┌─ GIVEN INFORMATION

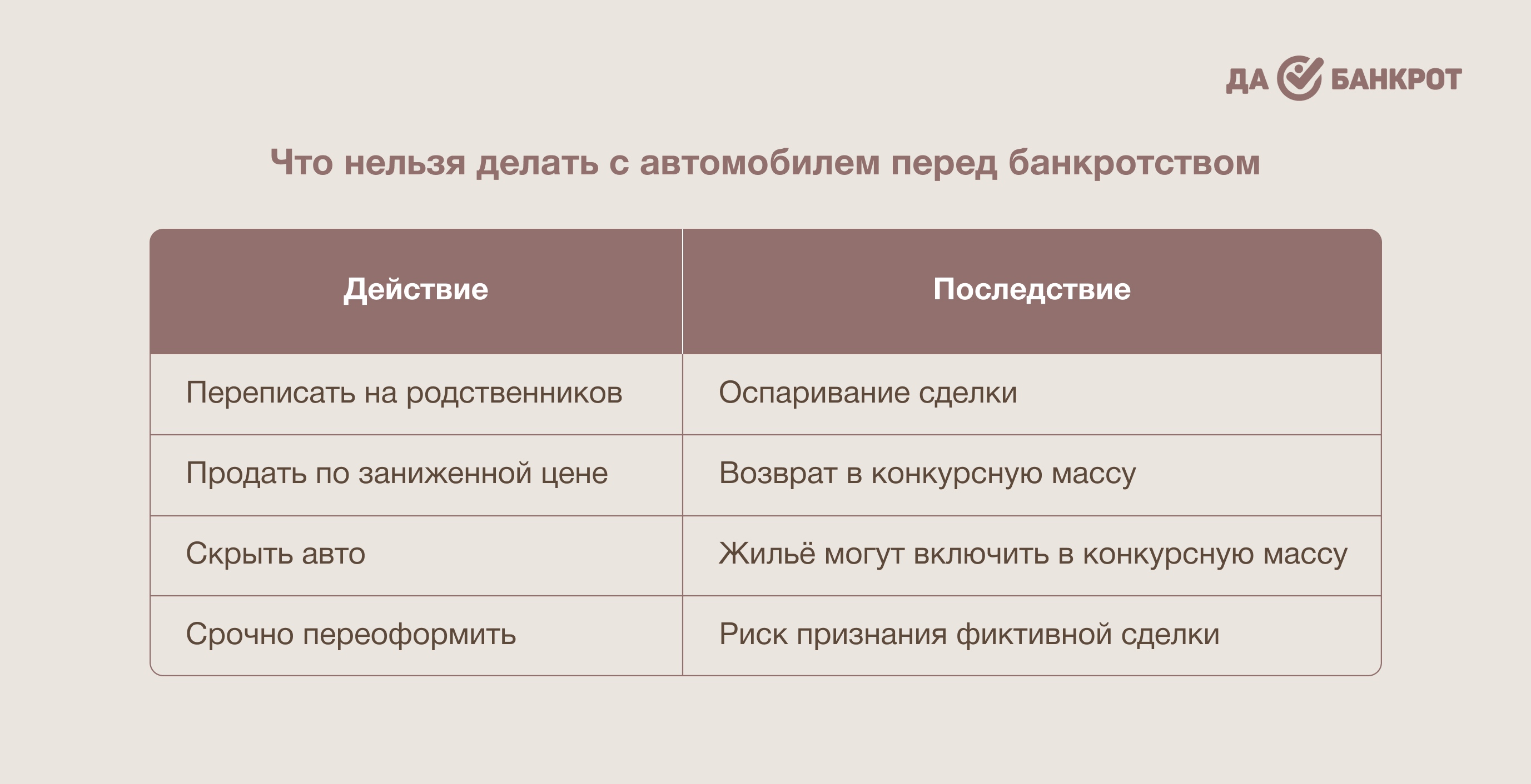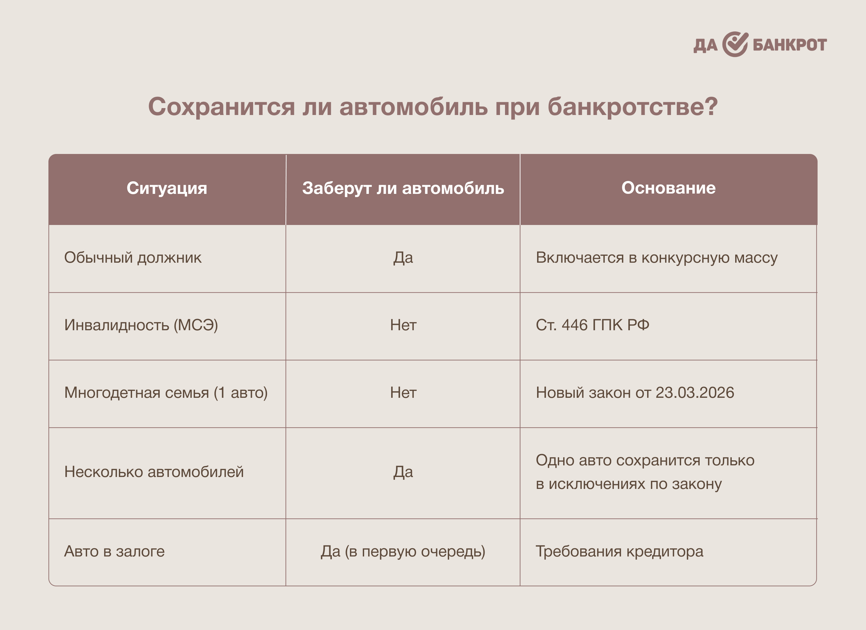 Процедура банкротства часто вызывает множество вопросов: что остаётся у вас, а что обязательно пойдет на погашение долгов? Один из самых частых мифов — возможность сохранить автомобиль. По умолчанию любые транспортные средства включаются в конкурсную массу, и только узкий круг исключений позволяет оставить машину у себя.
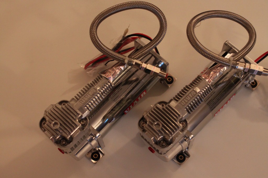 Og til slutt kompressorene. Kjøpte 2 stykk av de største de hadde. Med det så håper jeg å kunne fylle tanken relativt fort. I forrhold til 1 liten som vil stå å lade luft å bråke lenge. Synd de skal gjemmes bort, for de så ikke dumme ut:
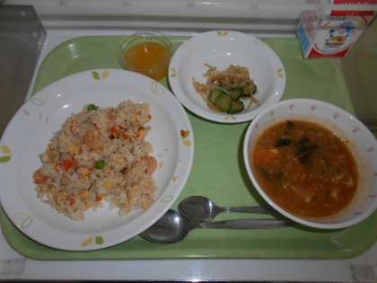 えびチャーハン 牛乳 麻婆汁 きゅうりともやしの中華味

└─

Reproduce the full listing verbatim so that only the pictures are missing.

PROBLEM SOLUTION:
 Процедура банкротства часто вызывает множество вопросов: что остаётся у вас, а что обязательно пойдет на погашение долгов? Один из самых частых мифов — возможность сохранить автомобиль. По умолчанию любые транспортные средства включаются в конкурсную массу, и только узкий круг исключений позволяет оставить машину у себя.
 Og til slutt kompressorene. Kjøpte 2 stykk av de største de hadde. Med det så håper jeg å kunne fylle tanken relativt fort. I forrhold til 1 liten som vil stå å lade luft å bråke lenge. Synd de skal gjemmes bort, for de så ikke dumme ut:
 えびチャーハン 牛乳 麻婆汁 きゅうりともやしの中華味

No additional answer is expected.